Ольга поняла, что у него слово вырвалось, что он не властен в нем и что оно — истина.
Он опомнился, взял шляпу и, не оглядываясь, выбежал из комнаты. Она уже не провожала его любопытным взглядом, она долго, не шевелясь, стояла у фортепьяно, как статуя, и упорно глядела вниз, только усиленно поднималась и опускалась грудь…
VI
Обломову, среди ленивого лежанья в ленивых позах, среди тупой дремоты и среди вдохновенных порывов, на первом плане всегда грезилась женщина как жена и иногда — как любовница.
В мечтах пред ним носился образ высокой, стройной женщины, с покойно сложенными на груди руками, с тихим, но гордым взглядом, небрежно сидящей среди плющей в боскете, легко ступающей по ковру, по песку аллеи, с колеблющейся талией, с грациозно положенной на плечи головой, с задумчивым выражением — как идеал, как воплощение целой жизни, исполненной неги и торжественного покоя, как сам покой.
Снилась она ему сначала вся в цветах, у алтаря, с длинным покрывалом, потом у изголовья супружеского ложа, с стыдливо опущенными глазами, наконец — матерью, среди группы детей.

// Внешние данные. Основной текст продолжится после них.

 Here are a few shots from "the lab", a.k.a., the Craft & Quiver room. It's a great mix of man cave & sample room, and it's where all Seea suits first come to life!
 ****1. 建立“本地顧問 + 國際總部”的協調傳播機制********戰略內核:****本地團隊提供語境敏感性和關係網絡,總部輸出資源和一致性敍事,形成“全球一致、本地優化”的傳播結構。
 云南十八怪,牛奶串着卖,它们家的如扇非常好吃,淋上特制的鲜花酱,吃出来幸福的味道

Грезилась ему на губах ее улыбка, не страстная, глаза, не влажные от желаний, а улыбка, симпатичная к нему, к мужу, и снисходительная ко всем другим, взгляд, благосклонный только к нему и стыдливый, даже строгий, к другим.

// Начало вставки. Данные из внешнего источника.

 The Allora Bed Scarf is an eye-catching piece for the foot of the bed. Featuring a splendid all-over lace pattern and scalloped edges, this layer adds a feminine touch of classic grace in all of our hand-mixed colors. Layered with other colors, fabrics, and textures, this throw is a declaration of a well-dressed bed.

Он никогда не хотел видеть трепета в ней, слышать горячей мечты, внезапных слез, томления, изнеможения и потом бешеного перехода к радости. Не надо ни луны, ни грусти. Она не должна внезапно бледнеть, падать в обморок, испытывать потрясающие взрывы…
— У таких женщин любовники есть, — говорил он, — да и хлопот много: доктора, воды и пропасть разных причуд. Уснуть нельзя покойно!

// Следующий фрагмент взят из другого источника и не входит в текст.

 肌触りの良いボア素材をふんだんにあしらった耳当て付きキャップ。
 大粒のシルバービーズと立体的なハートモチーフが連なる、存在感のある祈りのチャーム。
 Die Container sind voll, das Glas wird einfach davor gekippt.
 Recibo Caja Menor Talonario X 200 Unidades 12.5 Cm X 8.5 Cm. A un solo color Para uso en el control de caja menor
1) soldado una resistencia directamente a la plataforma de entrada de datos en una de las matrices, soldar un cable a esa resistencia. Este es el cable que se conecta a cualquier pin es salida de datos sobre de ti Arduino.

А подле гордо-стыдливой, покойной подруги спит беззаботно человек. Он засыпает с уверенностью, проснувшись, встретить тот же кроткий, симпатичный взгляд. И чрез двадцать, тридцать лет на свой теплый взгляд он встретил бы в глазах ее тот же кроткий, тихо мерцающий луч симпатии. И так до гробовой доски!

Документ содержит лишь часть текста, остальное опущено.